In this case, the skater reduces her moment of inertia by a factor of 3. Therefore, her new moment of inertia (I') becomes 1/3 of the initial moment of inertia (I). Mathematically, we can express this as I' = (1/3)I.
Since the angular momentum is conserved, we can set the initial angular momentum equal to the final angular momentum:
LI = L'I',
where L is the initial angular momentum and L' is the final angular momentum.
Substituting the expressions for the angular momenta and the moment of inertia, we get:
Iω = I'(ω'),
where ω' is the final angular speed we want to find.
Plugging in the given values (ω = 1.5 rad/s and I' = (1/3)I), we can solve for ω':
I(1.5) = (1/3)I(ω')
Simplifying the equation gives:
1.5 = (1/3)ω'
Multiply both sides by 3:
4.5 = ω'
Therefore, the skater's final angular speed is 4.5 rad/s.
b) To find the ratio of the final angular momentum to the initial angular momentum, we can use the formula for angular momentum (L = Iω) that we used in part a).
The ratio can be expressed as:
(L')/(L) = (I'ω')/(Iω),
where L is the initial angular momentum, L' is the final angular momentum, I is the initial moment of inertia, I' is the final moment of inertia, ω is the initial angular speed, and ω' is the final angular speed.
We already know the values of ω and ω' from part a), and we know that I' = (1/3)I. Therefore, substituting these values into the expression, we get:
(L')/(L) = ((1/3)Iω')/(Iω),
Canceling out the common terms, we get:
(L')/(L) = (1/3)(ω')/(ω),
Substituting the values we found in part a), we can solve for the ratio:
(L')/(L) = (1/3)(4.5)/(1.5) = 1.
Therefore, the ratio of the skater's final angular momentum to her initial angular momentum is 1.

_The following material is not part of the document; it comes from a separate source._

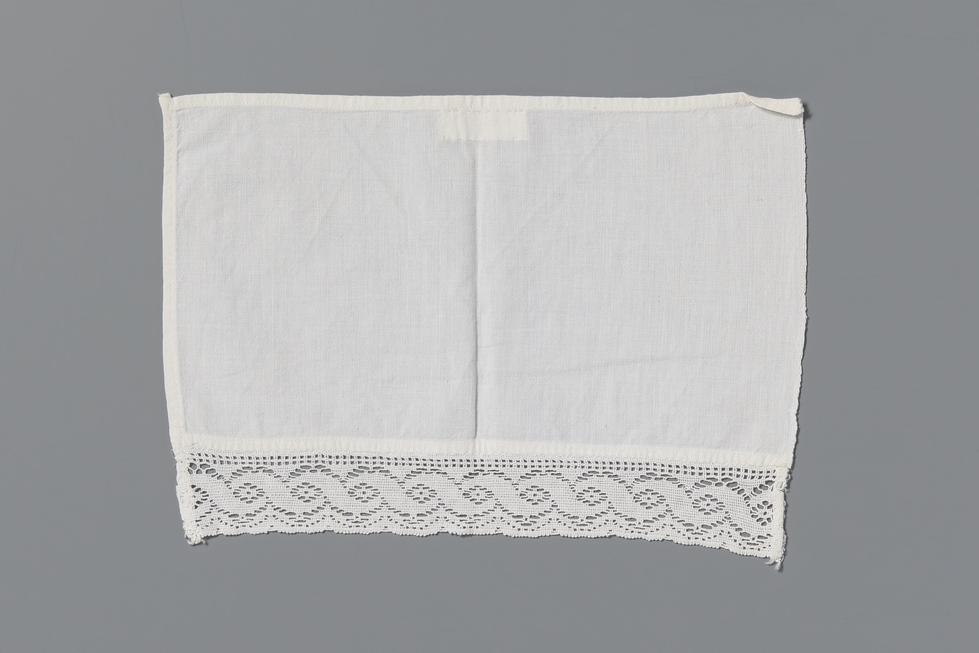 Rechthoekig kleedje, een zogenoemd spreitje. Het spreitje is gemaakt van witte katoen, afgezet met een strook machinale kant. Dergelijke kleedjes werden op Marken tussen de opgestapelde spanen dozen gelegd, waarbij de kantstrook aan de voorzijde afhing.

c) The ratio of her final kinetic energy to her initial kinetic energy can be found using the formula for kinetic energy (K = (1/2)Iω^2).
The expression for the ratio can be written as:
(K')/(K) = ((1/2)I'ω'^2)/((1/2)Iω^2),
where K is the initial kinetic energy, K' is the final kinetic energy, I is the initial moment of inertia, I' is the final moment of inertia, ω is the initial angular speed, and ω' is the final angular speed.
From part a), we know the values of ω and ω', and we know that I' = (1/3)I. Substituting these values into the expression, we get:
(K')/(K) = ((1/2)(1/3)Iω'^2)/((1/2)Iω^2),
Canceling out the common terms, we get:
(K')/(K) = (1/3)(ω'^2)/(ω^2).
Using the values we found in part a), we can solve for the ratio as:
(K')/(K) = (1/3)(4.5^2)/(1.5^2) = 3.
Therefore, the ratio of the skater's final kinetic energy to her initial kinetic energy is 3.
d) Yes, her mechanical energy changed. Mechanical energy is the sum of kinetic energy and potential energy. In this case, we are only considering kinetic energy.
From part c), we found that the ratio of her final kinetic energy to her initial kinetic energy is 3. Since the ratio is greater than 1, it means that her final kinetic energy is greater than her initial kinetic energy.
Therefore, her mechanical energy changed because her kinetic energy increased, which means there was a net gain of energy in the system.